Evaluating internet sources

Evaluating internet sources requires a healthy dose of common sense and skepticism about the validity of their findings. From web directories to search engines to metasearch engines, searching on the internet can be an overwhelming experience. In some cases, such as the invisible web, and sites that prohibit spiders from searching them, the internet is impenetrable. While search engines continue to develop, becoming more effective and smarter, they are becoming increasingly plagued with more advertisements, and with companies paying for the number one spot in a search. Internet users must therefore learn to search effectively. The balance between searching effectively and maintaining a reasonable level of skepticism is the user's best tool in searching for information on today's internet.

History of the Internet
In the 19th century, the world was brought together by the telegraph, which allowed for the quick dissemination of information, changing the way people thought, and the way business was conducted. It was referred to as the "highway of thought" (Standage VIII). Before this, as Tom Standage points out in his book, "The Victorian Internet", the fastest way to send information was the same as it had been since the Mongols first tamed the horse. The telegraph was eventually replaced by the telephone, but it opened people's minds to a new, faster-paced way of life.

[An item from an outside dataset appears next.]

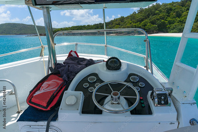 Captains bridge, deckhouse with steering wheel and controls on panel
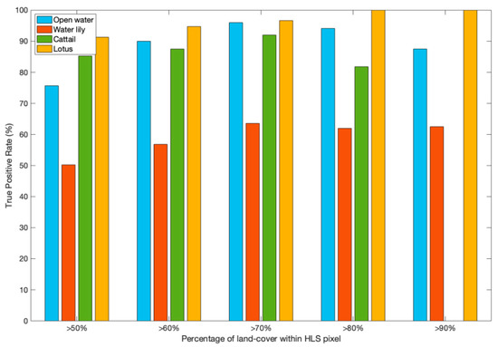 Many of the HLS pixels were heterogeneous and included a mixture of different patch types, with the classified patch type only contributing to a fraction of the full area of the pixel (Figure 4). In such cases, the classified patch type was assumed to represent the type that covered the largest fraction of the pixel area. Water lilies tended to grow in small patches, which resulted in highly mixed HLS pixels for the water lily patch type (Figure 4b). Furthermore, water lily leaves float on the surface of the water and are not truly emergent. As a result, the water lily classification accuracy, at 50–64%, was lower than that of the other patch types (Figure 5). Overall, for the three other patch types, when an HLS pixel covered an area that had more than 60% of a certain type of land cover, the overall accuracy was higher than 80% (Figure 5). The classification accuracy tended to increase when the fractional cover increased, which indicates that when a pixel is less mixed, it is more likely to be classified in the correct class.

The Internet is a set of networking protocols that allows one computer to connect to and communicate with other computers (Sherman and Price 1). It was developed in the 1960s by the Department of Defense (DOD) to connect universities and laboratories, so they could more easily share research and data, thereby increasing productivity, and decreasing unnecessary duplication. The result, first successful in 1969, was ARPANet, which evolved into the Internet.

There was no easy way to search for files on the early Internet. Searching was really sending e-mails to people with access to other computers and their files, and waiting for a reply. Gopher changed all these by creating the first menu-type index of files which could be shared on the Internet. It was a closed system, available only at the University of Minnesota. One could not read the files on the internet, but had to download them into their home computers. Soon, Gophers appeared in other places, and subsequently they were joined together. Archie, and then Veronica were software programs that were created as a means to search Gopher menus. With Archie (a play on the word, "archives"), one could search for anonymous FTP files, while Veronica (yes - Archie's girlfriend) was capable of a keyword search of Gopher menus. Veronica initiated the practice of Boolean searches. She was the first to allow one to limit his search by using "AND", "NOT", "OR", "EITHER", or parenthesis (Burke 66), as well as the first to allow wild card, or word truncation (Burke 67). The World Wide Web is a set of software protocols that runs on the Internet, was conceived for the same reasons, allowing users to easily access files (Sherman and Price 1).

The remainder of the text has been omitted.